Mahmoud Darwich a habité la poésie arabe, donnant une voix aux Palestiniens. Le relire aujourd’hui c’est lutter contre les fondamentalismes qui enserrent la Palestine. Actes Sud réédite deux recueils essentiels.
Mahmoud Darwich, État de siège, Actes Sud
Mahmoud Darwich, Le lanceur de dés et autres poèmes, Actes Sud
Alors que le rêve d’un État palestinien s’évanouit chaque jour dans les limbes, conséquence de la politique du fait accompli entreprise par le pouvoir israélien dans les territoires occupés, voici que la poésie nous rappelle qu’à travers sa puissance des peuples peuvent réaffirmer leur personnalité nationale et une forme de transcendance. Longtemps, le grand poète Mahmoud Darwich, disparu en 2008, considéré unanimement comme une des voix majeures de la poésie arabe du XXe siècle aux côtés des Syriens Nazar Qabbani et Adonis, a incarné le combat palestinien.
Traduction et découverte
Les éditions Actes Sud republient deux ses recueils de poèmes, rédigés à l’automne de sa vie, tous deux traduits par son ami, l’intellectuel palestinien Elias Sanbar, qui représente la Palestine à l’UNESCO et a cofondé la revue d’études palestiniennes.
Dans la poésie arabe classique, بَيْت (bayt) désigne un vers. Littéralement, bayt signifie « maison», mais dans la rhétorique poétique, le vers est conçu comme une « maison de sens », une unité close. Un bayt est généralement composé de deux hémistiches (ṣadr صدر et ʿajuz عجز), séparés par une césure.
En l’absence de patrie souveraine et en paix, les Palestiniens ont littéralement habité la maison de Darwich. Une patrie de papier et de poésie qui leur a permis de tenir, de survivre pendant des générations. Souvent, il s’était plaint que sa poésie soit réduite à un porte-parole officieux de l’OLP. Darwich s’est souvent révolté contre cette identification à la cause palestinienne, il préférait chanter le rouge non pas comme couleur de sang, mais de rose. Son œuvre poétique est jonchée d’aller-retours entre la terre de ses ancêtres parfumée de thym, d’olivier, de languissement du café de sa mère et l’aspiration d’intégrer la poésie arabe dans l’espace universel.
Chanter le particulier et l’universel
Ainsi, on lira avec émotion « Le lanceur de dés », ce long poème où Mahmoud Darwich revisite avec une douce mélancolie son itinérance sur terre, résume sa vie en insistant sur les hasards de l’histoire qui ont permis, lui enfant humble de la Galilée des nations à embrasser un destin qui l’a propulsé au panthéon de la poésie arabe contemporaine.
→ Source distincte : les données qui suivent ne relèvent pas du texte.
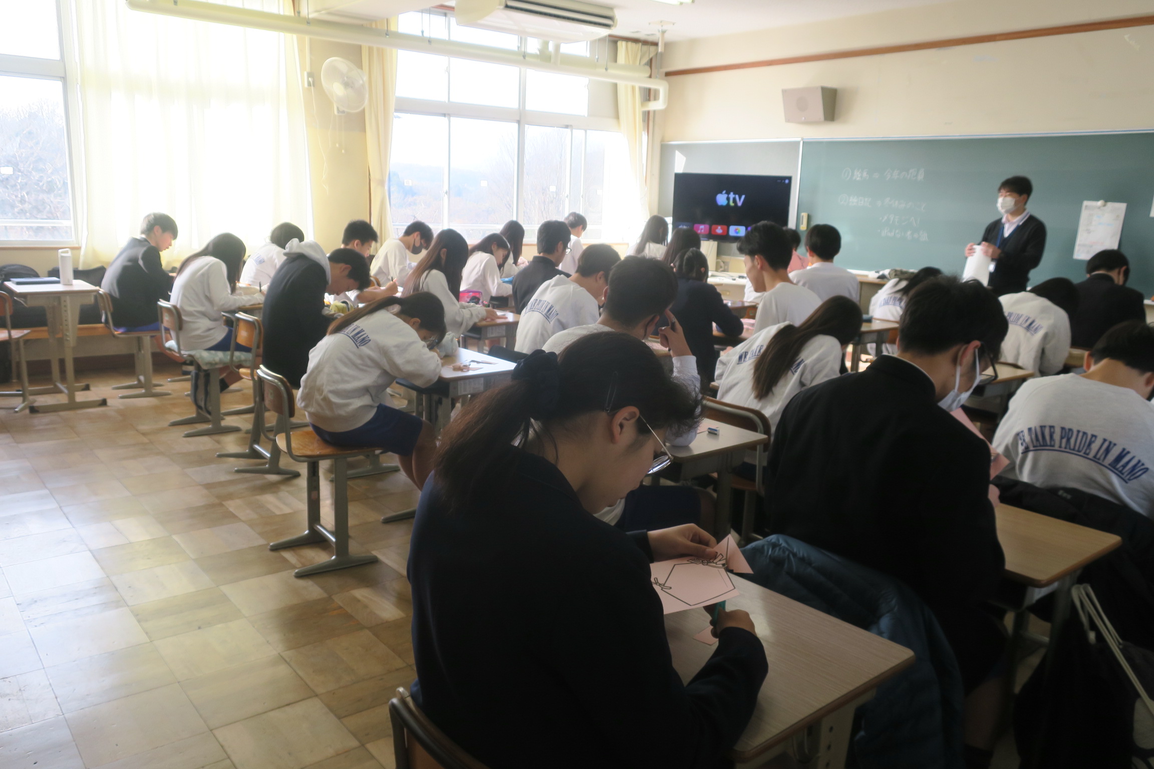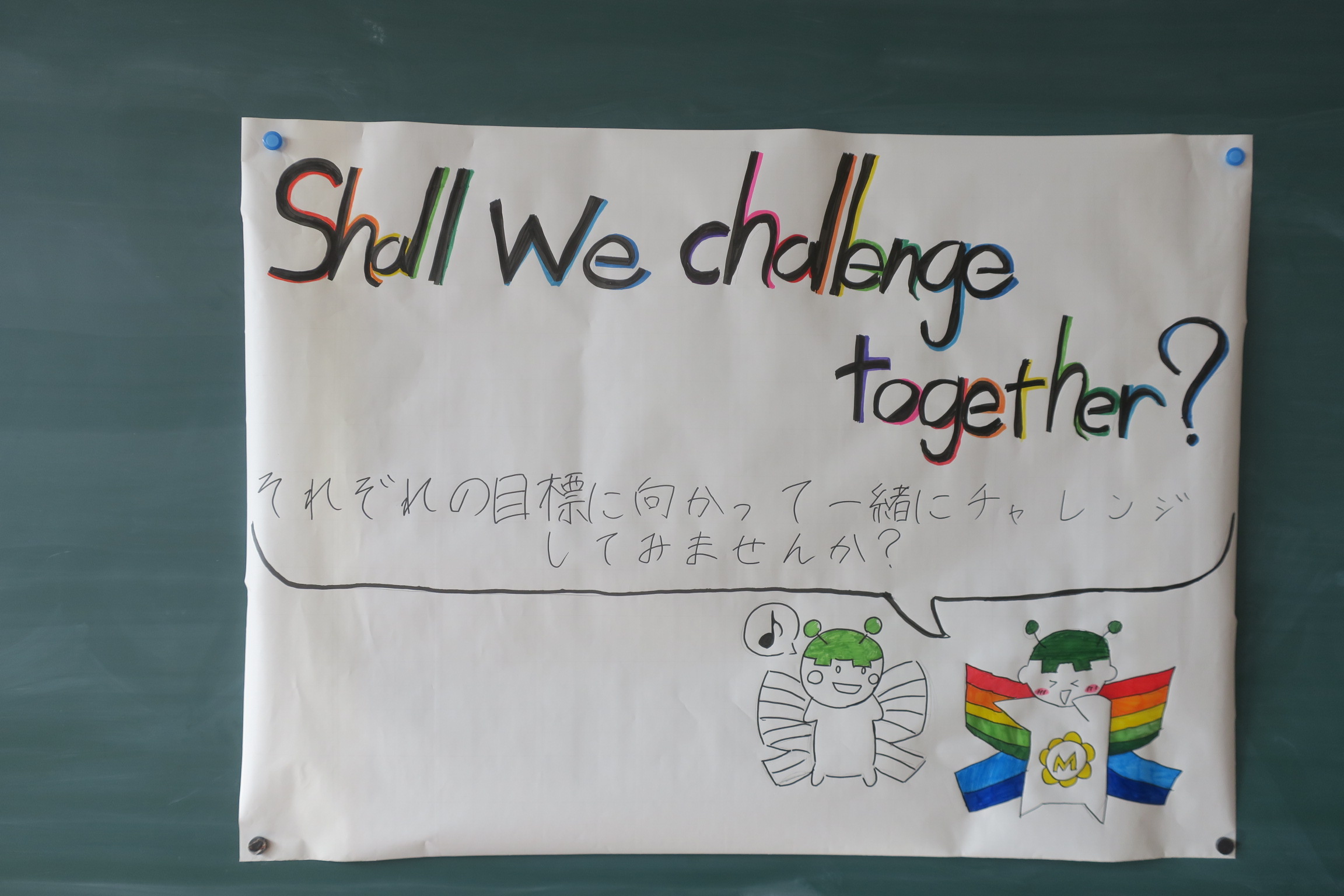 12月24日に生徒会リーダー研修会がおこなわれました。その中で第38期生徒会の活動方針、スローガンが決定されました。昨日の始業式で生徒会長から内容が発表されました。スローガンは「Shall We challenge together」です。立場や学年を越えて手を取り合い、新しい一歩にみんなで挑戦していこうという思いが込められています。
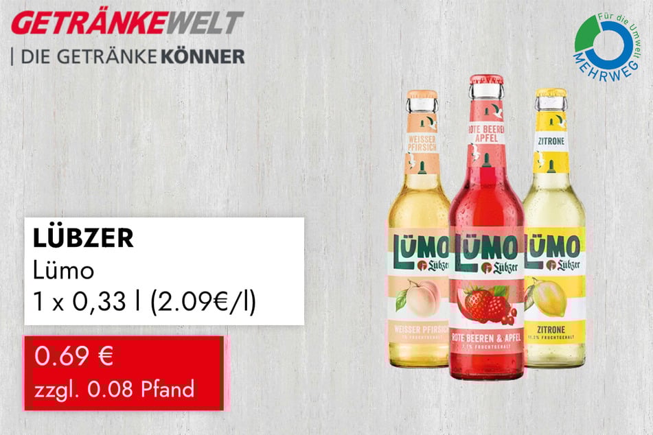 Wie könnte man besser an so einem Abend anstoßen, als mit einer kühlen Limo? Ganz neu im Getränkwelt-Regal steht daher die LÜBZER Lümo (1 x 0,33 l) für 0,69 Euro.
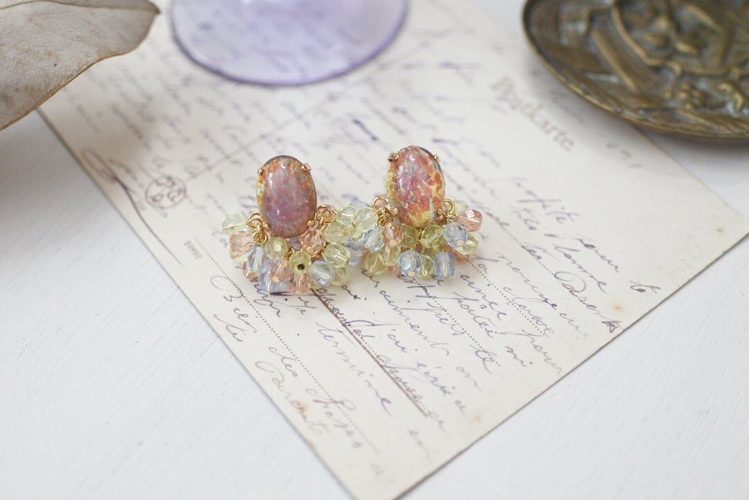 ガラスならではの質感、ほどよいサイズ感で普段遣いにもお使いいただきやすい耳飾り。
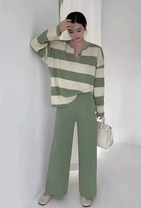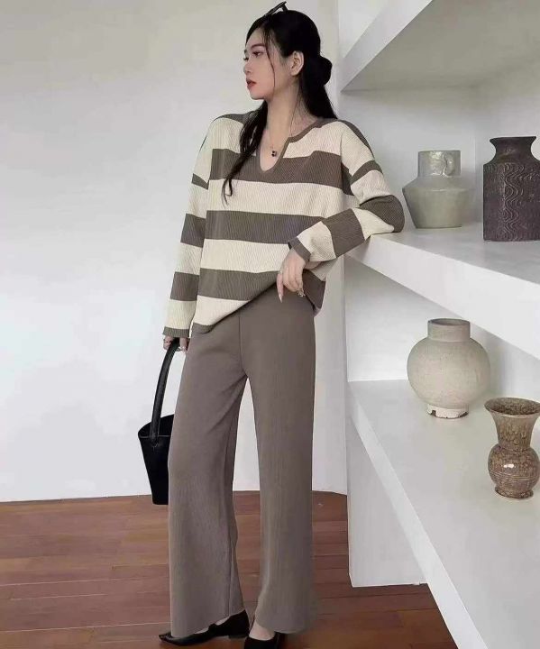 秋冬新款时尚洋气显瘦韩版宽松微胖MM撞色条纹针织套头...
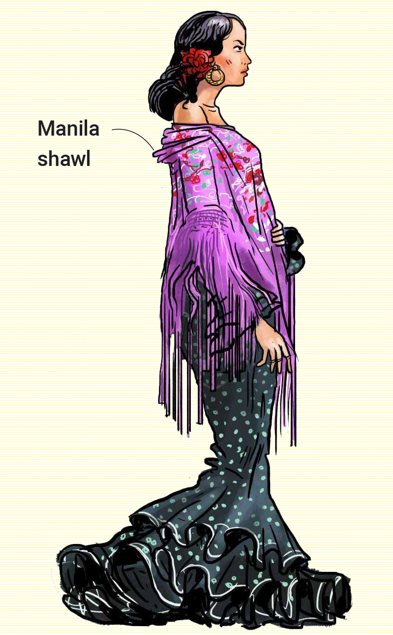 Dutch 17th-century still-life painting by Jan Jansz. Treck, showing late Ming blue and white porcelain export bowls, 1649 Also this porcelain had a huge influence on the local artisans in Mexico, who took the Chinese blue and white characteristics and translated it with their own styles and designs. An example is the porcelain from Puebla The Manila shawl Chinese fabrics were highly prized. Among the many textile products that came to the Americas and Europe was a square cloth made from silk and finely embroidered. The shawl was folded in half like a triangle and worn over women’s shoulders. This shawl became known as the manton de Manila, although it was produced in Canton not the Philippines The shawls became very popular in Spain and Spanish America. Over the years they became fashionable throughout Europe, especially in 19th century Paris. Manila shawls are still popular today and are considered to be an integral part of Spanish culture, having even been incorporated into flamenco, the quintessential Spanish art-form ![]() Currently this garment of Cantonese origin is a must-have for flamenco dancers This shawls became very popular in Spain and Spanish America. Over the years they became fashionable throughout Europe especially in nineteenth century Paris. Their popularity is such that today, Manila shawls are considered an integral part of Spanish culture and continues to be worn.
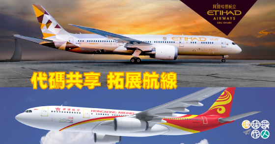 香港航空與阿提哈德航空代碼共享,強化歐洲及新西蘭航線!
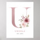 Póster Letra U Monograma Acuarela Rosa Floral Nursera
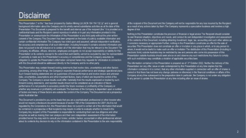 about its contents Any decision to rely on the information contained in this Presentation is the sole responsibility

« Qui suis-je pour vous dire/ce que je vous dis/à la porte de l’église,/ moi qui ne suis qu’un lancer de dés/ entre prédateur et proie./j’ai gagné en lucidité,/non pour jouir de ma nuit étoilée/ mais pour être témoin du massacre. »
Le recueil État de siège, quant à lui a été rédigé à Ramallah où le poète reclus a composé une centaine de fragments en réaction à l’offensive de l’armée israélienne en pleine intifada. L’immédiateté, l’urgence, chaque petit rayon de lumière capte une vie en sursis, le moindre moment fugitif sont d’une brûlante actualité.
« Ici, sur les pentes des collines,/face au couchant/et à la béance du temps,/Près des vergers à l’ombre coupée,/tels les prisonniers,/tels les chômeurs,/nous cultivons l’espoir. »
Ou encore « que la paix soit sur celui qui partage ma coupe/dans la nuit dense qui déborde des deux sièges:/que la paix soit sur mon fantôme ».
Aujourd’hui la lecture de Darwich est d’autant plus nécessaire qu’elle résiste à la noirceur d’une époque où le keffieh palestinien se confond de plus en plus à l’obscurantisme fondamentaliste dans sa version nihiliste. Son œuvre demeure une invitation à l’espérance, comme désespoir surmonté.